● Exercise data:
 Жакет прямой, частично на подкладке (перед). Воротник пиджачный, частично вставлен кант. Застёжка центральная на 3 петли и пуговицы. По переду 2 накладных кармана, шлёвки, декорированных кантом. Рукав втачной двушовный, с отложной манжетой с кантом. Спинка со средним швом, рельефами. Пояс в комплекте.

---

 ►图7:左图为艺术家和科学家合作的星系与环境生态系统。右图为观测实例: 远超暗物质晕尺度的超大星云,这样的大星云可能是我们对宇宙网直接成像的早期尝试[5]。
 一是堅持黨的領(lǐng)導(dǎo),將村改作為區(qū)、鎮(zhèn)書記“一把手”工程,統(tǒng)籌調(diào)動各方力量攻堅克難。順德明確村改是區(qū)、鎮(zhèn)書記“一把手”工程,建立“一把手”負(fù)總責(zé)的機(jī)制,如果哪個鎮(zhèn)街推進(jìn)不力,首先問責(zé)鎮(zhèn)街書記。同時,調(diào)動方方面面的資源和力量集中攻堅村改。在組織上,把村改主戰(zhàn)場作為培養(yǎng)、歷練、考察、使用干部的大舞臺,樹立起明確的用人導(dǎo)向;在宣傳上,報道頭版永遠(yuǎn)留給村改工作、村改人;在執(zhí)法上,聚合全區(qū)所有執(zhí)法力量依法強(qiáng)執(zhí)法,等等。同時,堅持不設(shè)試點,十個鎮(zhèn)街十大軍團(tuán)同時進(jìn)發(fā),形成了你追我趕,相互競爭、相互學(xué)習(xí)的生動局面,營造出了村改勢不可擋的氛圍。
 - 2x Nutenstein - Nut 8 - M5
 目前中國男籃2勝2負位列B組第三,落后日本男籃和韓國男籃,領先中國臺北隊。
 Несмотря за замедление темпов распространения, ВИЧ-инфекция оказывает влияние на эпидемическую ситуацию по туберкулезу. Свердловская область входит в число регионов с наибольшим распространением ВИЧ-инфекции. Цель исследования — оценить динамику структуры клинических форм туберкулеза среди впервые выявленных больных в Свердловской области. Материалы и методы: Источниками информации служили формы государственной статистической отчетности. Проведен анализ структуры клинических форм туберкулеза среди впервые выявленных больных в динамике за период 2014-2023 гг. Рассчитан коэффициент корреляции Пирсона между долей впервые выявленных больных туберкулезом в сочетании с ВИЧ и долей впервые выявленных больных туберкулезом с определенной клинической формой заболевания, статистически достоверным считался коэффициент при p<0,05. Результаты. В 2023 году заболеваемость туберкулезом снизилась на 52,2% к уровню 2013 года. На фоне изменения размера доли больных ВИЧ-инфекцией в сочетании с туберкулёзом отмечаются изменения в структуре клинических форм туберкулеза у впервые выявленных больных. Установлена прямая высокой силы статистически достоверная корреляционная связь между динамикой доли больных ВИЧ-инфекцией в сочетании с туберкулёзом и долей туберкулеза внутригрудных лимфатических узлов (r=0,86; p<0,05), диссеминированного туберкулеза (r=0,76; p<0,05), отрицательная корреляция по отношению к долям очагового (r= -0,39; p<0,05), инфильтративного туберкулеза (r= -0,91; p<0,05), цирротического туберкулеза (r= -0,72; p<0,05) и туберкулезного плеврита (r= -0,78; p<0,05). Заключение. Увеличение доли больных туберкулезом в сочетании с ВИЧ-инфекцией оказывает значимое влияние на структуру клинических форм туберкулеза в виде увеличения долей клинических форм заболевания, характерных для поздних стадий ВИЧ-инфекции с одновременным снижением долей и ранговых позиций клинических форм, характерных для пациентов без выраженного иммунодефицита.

...

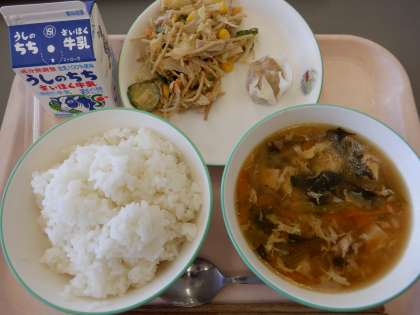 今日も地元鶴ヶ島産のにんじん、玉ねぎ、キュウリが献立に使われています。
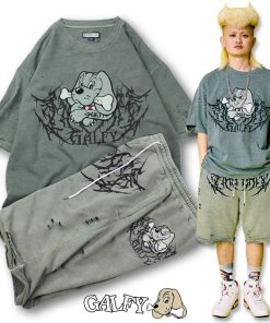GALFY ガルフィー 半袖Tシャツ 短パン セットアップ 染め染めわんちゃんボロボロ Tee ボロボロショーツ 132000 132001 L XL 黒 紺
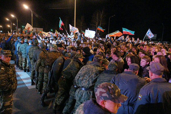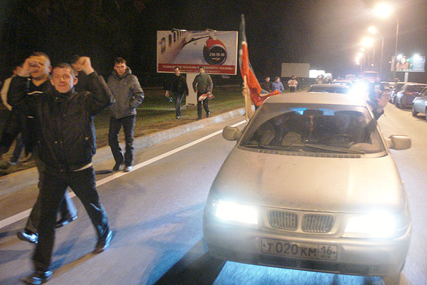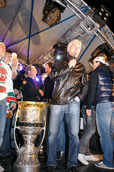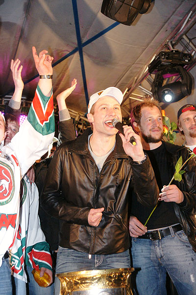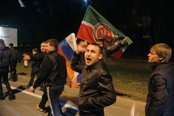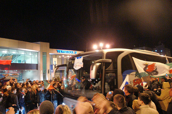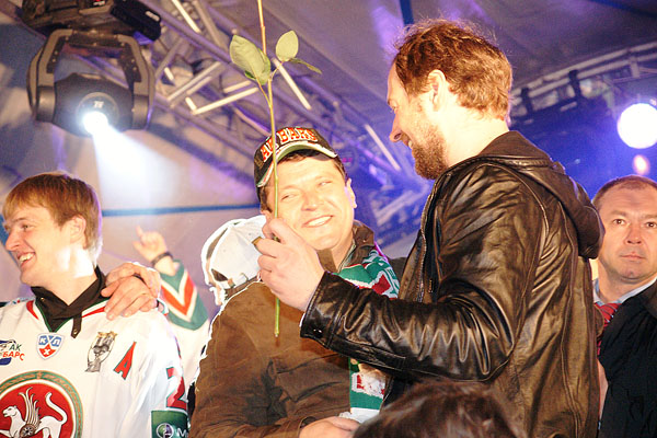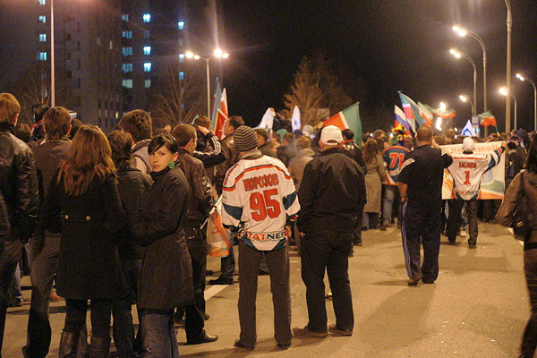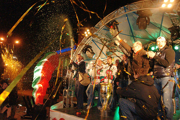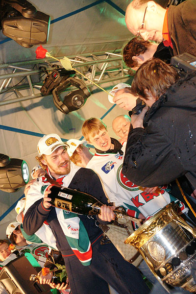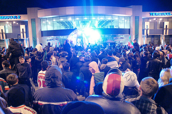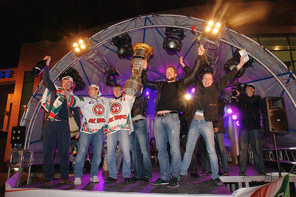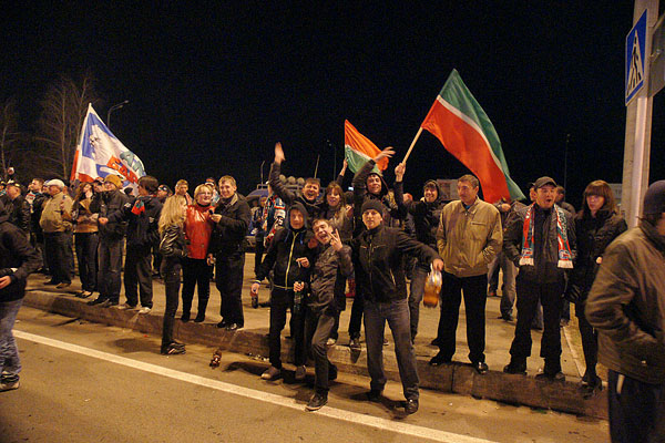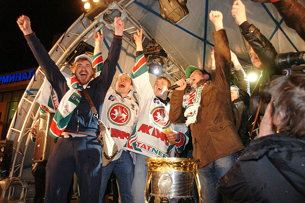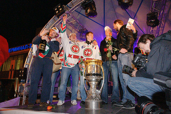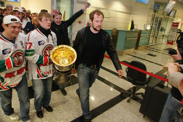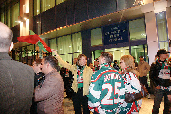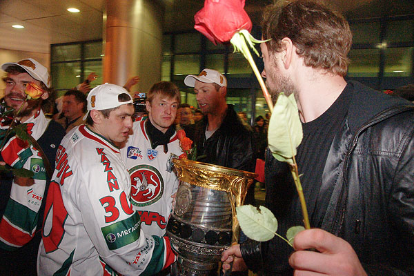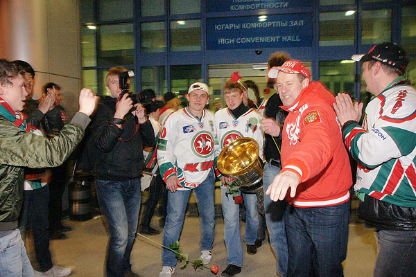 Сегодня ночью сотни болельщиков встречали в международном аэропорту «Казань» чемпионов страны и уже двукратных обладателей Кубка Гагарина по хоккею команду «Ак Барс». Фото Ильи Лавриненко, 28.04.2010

● Exercise instructions:
Only the lines from the one containing "一是堅持黨的領(lǐng)導" through the one containing "目前中國男籃2勝2負位列B組第三,落后日本男籃和韓國男籃,領先中國臺北隊。" are to be retyped, both boundary lines included, with no other material.

● Task result:
 一是堅持黨的領(lǐng)導(dǎo),將村改作為區(qū)、鎮(zhèn)書記“一把手”工程,統(tǒng)籌調(diào)動各方力量攻堅克難。順德明確村改是區(qū)、鎮(zhèn)書記“一把手”工程,建立“一把手”負(fù)總責(zé)的機(jī)制,如果哪個鎮(zhèn)街推進(jìn)不力,首先問責(zé)鎮(zhèn)街書記。同時,調(diào)動方方面面的資源和力量集中攻堅村改。在組織上,把村改主戰(zhàn)場作為培養(yǎng)、歷練、考察、使用干部的大舞臺,樹立起明確的用人導(dǎo)向;在宣傳上,報道頭版永遠(yuǎn)留給村改工作、村改人;在執(zhí)法上,聚合全區(qū)所有執(zhí)法力量依法強(qiáng)執(zhí)法,等等。同時,堅持不設(shè)試點,十個鎮(zhèn)街十大軍團(tuán)同時進(jìn)發(fā),形成了你追我趕,相互競爭、相互學(xué)習(xí)的生動局面,營造出了村改勢不可擋的氛圍。
 - 2x Nutenstein - Nut 8 - M5
 目前中國男籃2勝2負位列B組第三,落后日本男籃和韓國男籃,領先中國臺北隊。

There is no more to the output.